# spanwise_interpolation¶

Returns the interpolation weights and indices of said weights for a span wise interpolation. The indices refer to column indices of a row vector containing the gust disturbance at each chordwise control point.

This is used in non-span uniform gusts with multiple inputs, where each set of chordwise control points in the state vector corresponds to one gust (i.e. its time history).

The interpolation is performed as follows.

For an arbitrary point within a grid delimited by (0, 0), (0, 1), (1, 0) and (1, 1), the velocity at a given point is:

$u_z = \alpha_1 u_1 + \alpha_0 u_0$

where $$\alpha_1 = \frac{y - y_0}{y_{1} - y_{0}}$$ and $$\alpha_0 = \frac{y_1-y}{y_1-y_0}$$.

The velocities $$u_1$$ and $$u_0$$ are at the current chordwise point, thus translating into

$\begin{split}u_1 = \beta_{11} u_{11} + \beta_{10} u_{10} \\ u_0 = \beta_{01} u_{01} + \beta_{00} u_{00}\end{split}$

where $$\beta_{11} = \frac{x - x_0}{x_1 - x_0}$$ and the rest follow a similar pattern.

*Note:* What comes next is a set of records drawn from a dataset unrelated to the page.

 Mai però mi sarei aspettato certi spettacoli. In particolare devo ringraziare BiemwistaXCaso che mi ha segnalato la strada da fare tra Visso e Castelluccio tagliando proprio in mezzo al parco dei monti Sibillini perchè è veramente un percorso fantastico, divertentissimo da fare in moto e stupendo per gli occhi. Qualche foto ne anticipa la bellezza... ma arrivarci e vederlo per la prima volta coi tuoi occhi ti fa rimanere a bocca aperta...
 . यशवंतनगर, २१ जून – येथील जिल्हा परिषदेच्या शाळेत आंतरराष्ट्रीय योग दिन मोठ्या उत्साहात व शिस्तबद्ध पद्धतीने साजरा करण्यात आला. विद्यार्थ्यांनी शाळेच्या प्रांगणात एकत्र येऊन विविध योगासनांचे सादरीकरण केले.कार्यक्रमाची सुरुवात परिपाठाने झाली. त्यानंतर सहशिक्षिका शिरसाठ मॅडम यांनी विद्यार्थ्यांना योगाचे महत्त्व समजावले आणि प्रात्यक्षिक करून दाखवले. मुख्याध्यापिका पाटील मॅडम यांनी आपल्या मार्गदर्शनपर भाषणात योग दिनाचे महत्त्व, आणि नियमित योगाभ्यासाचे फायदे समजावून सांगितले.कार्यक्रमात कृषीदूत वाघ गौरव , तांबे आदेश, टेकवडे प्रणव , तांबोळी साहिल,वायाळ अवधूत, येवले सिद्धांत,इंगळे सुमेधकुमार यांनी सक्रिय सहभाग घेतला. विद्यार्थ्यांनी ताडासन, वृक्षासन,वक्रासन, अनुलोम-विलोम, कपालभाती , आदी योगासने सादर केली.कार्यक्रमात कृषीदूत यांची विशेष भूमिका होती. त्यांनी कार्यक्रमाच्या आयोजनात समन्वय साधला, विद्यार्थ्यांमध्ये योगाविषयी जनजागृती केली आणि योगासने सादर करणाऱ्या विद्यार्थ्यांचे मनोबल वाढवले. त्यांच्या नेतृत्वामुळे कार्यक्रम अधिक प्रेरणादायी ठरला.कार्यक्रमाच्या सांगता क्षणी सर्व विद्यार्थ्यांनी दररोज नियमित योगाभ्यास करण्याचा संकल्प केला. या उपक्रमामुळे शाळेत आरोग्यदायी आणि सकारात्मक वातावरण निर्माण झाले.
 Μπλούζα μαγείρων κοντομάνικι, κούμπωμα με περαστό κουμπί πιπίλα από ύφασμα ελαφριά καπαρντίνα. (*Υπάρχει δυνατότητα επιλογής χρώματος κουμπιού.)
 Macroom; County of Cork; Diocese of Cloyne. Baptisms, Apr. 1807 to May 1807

The resulting interpolation scheme gives

$\begin{split}u_z = \begin{pmatrix} \alpha_1 \beta_{11} u_{11} & \alpha_1 \beta{10} & \alpha_0 \beta_{01} & \alpha_0 \beta_{00} \end{pmatrix} \begin{bmatrix} u_{11} \\ u_{10} \\ u_{01} \\ u_{00} \end{bmatrix}.\end{split}$

The indices returned as part of the output correspond to the column indices above to match with the corresponding interpolation control points.

param y_vertex

y (span) coordinate of point

type y_vertex

np.float

param span_loc

Domain of y-coordinates

type span_loc

np.array

param x_vertex

x (chord) coordinate of point

type x_vertex

np.float

param x_domain

Domain of x coordinates

type x_domain

np.array

returns
2-tuple containing i) the 4-array of interpolation weights and ii) the 4-array of column

indicies to place such weights.

rtype

tuple